Igor Chudov @ home wrote:
> 
> Hi,
> 
> I was sort of tired of endless talk that "IPG algorithm was not 
> peer-reviewed, blah blah blah, so we won't even look at it, 
> blah blah blah", and decided to look at what Don Wood writes and
> try to see how his program actually works. 
> 
> Of course, I am not an expert in cryptography, and will appreciate all
> corrections. The web page to look at is http://www.netprivacy.com/algo.html,
> and it describes IPG algorithm in some detail.
> 
> First of all, the description of the algorithm is extremely unclear. I
> understand that this may be Don Wood's writing style, but it is certainly 
> not the most efficient style for precise communications. I suggest that
> Don tries to rewrite his description to be more structured.
> 
> Second, I seriously suspect that his algorithm of "trimming" is NOT
> going to work right.

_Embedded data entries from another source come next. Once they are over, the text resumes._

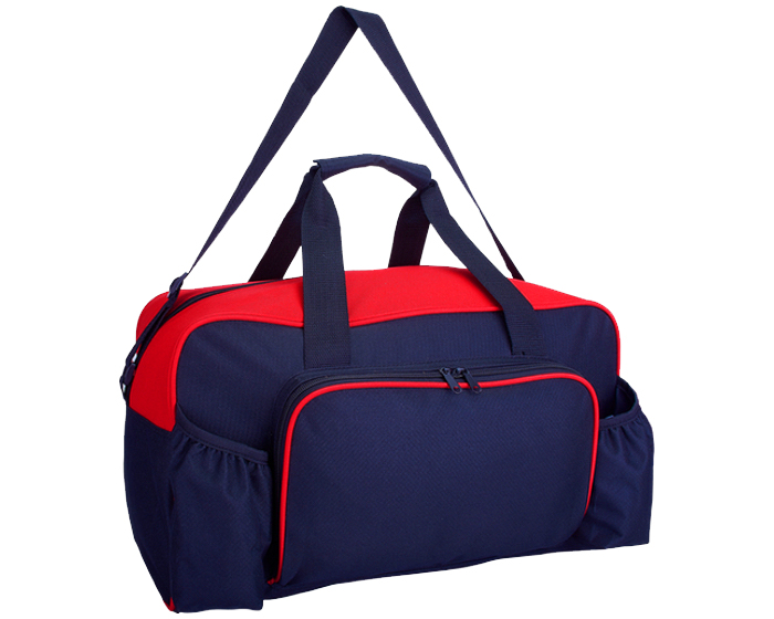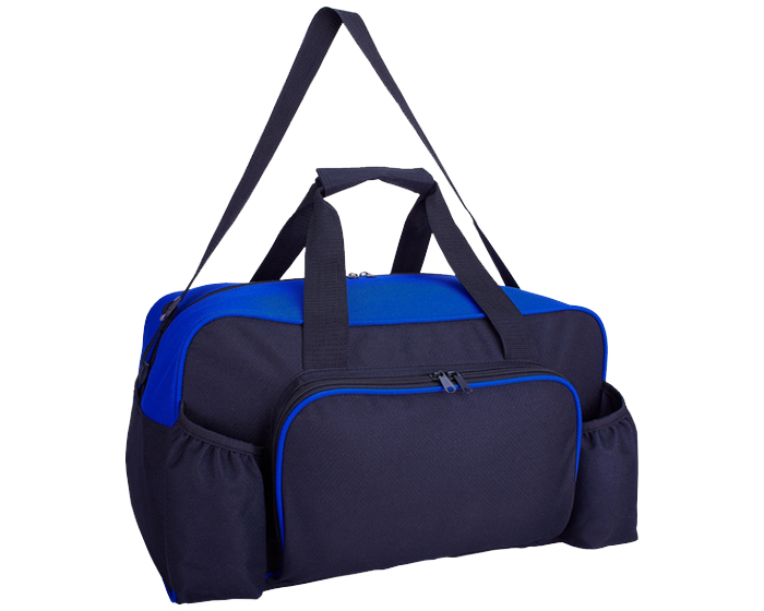 SPORT - Maleta deportiva, cuenta con 2 compartimentos, bolsa exterior de cierre al frente, asa central ajustable, asas laterales, base de cartón grueso de soporte y bolsilos laterales con resorte. Cuenta con 4 pequeños soportes de plástico externos en la parte de abajo, para evitar que se maltrate al colocarla en el suelo.
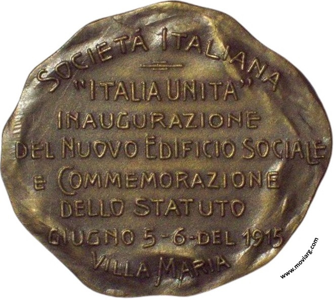 Anverso: Firma: GOTTUZZO Y CIA. Reverso: SOCIETÁ ITALIANA / " ITALIA UNITA " / INAUGURAZIONE / DEL NUOVO EDIFICIO SOCIALE / E COMMEMORAZIONE / DELLO STATUTO / GIUGNO 5-6-DEL 1915 / VILLA MARIA Referencia: | |
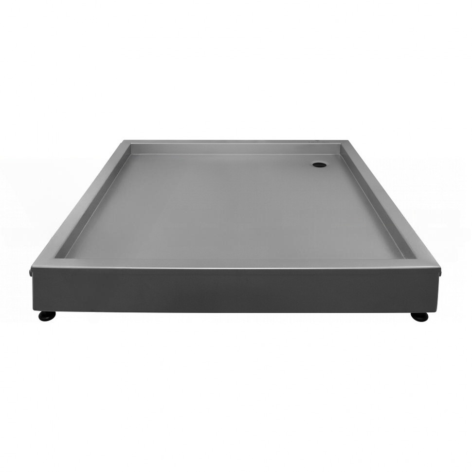 Данный поддон предназначен для использования в душевых кабинах. Он изготовлен из качественной нержавеющей стали AISI 304, толщина которой составляет 1,5 мм. Размеры поддона равны 100х100х14 см.
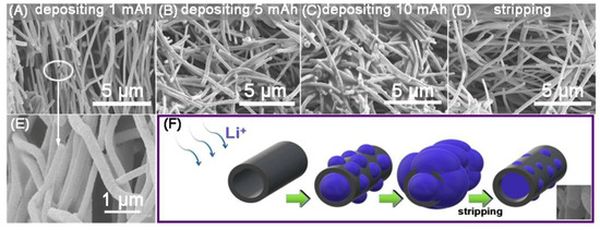 Scanning electron microscope (SEM) images of carbon nanofibers as Li is deposited (A–C,E) or stripped (D), a process shown schematically in the inset (F). Reprinted from reference [41], © 2020 used with permission from Elsevier.

Just to remind everyone, he generates pseudo-random
> A(JV), B(JV), C(JV) such that
> 
> 	16384 <  C < 20361
> 	         B < 12227
> 	A arbitrary (at least the web page contains no restrictions 
> 	  on the value of A).
> 
> and then goes on to "trimming" -- a process that obtains a new value
> of A that is LESS than 16384 through this algorithm: 
> 
>        DO
>          JV=JV+1
>          IF JV=53 THEN JV=0
>          A(JV)=(A(JV)+B(JV)) MOD C(JV)
>        UNTIL A(JV)<16384
> 
> We shall first note that THERE ARE CASES WHEN THIS ALGORITHM WILL NEVER
> STOP! For example, if all A values are _initially_ 16385 and all C
> values are 16386 and all B's are 0, it is obvious that the pseudocode 
> above will be stuck in endless loop.
> 
> No good for IPG algorithm.
> 
> in fact, if only some triplets of A, B, and C have B == 0 and 16384 < A < C,
> these triplets will always be ignored (skipped) by his trimming process.

Note also that if B(K) == 1, his algorithm will need to make C passes
through the loop for JV == k, in order to generate a new value of A(JV).

This is very inefficient and results in a bias for triplets with high
Bs -- because they will generate good A(JV) more frequently.

	- Igor.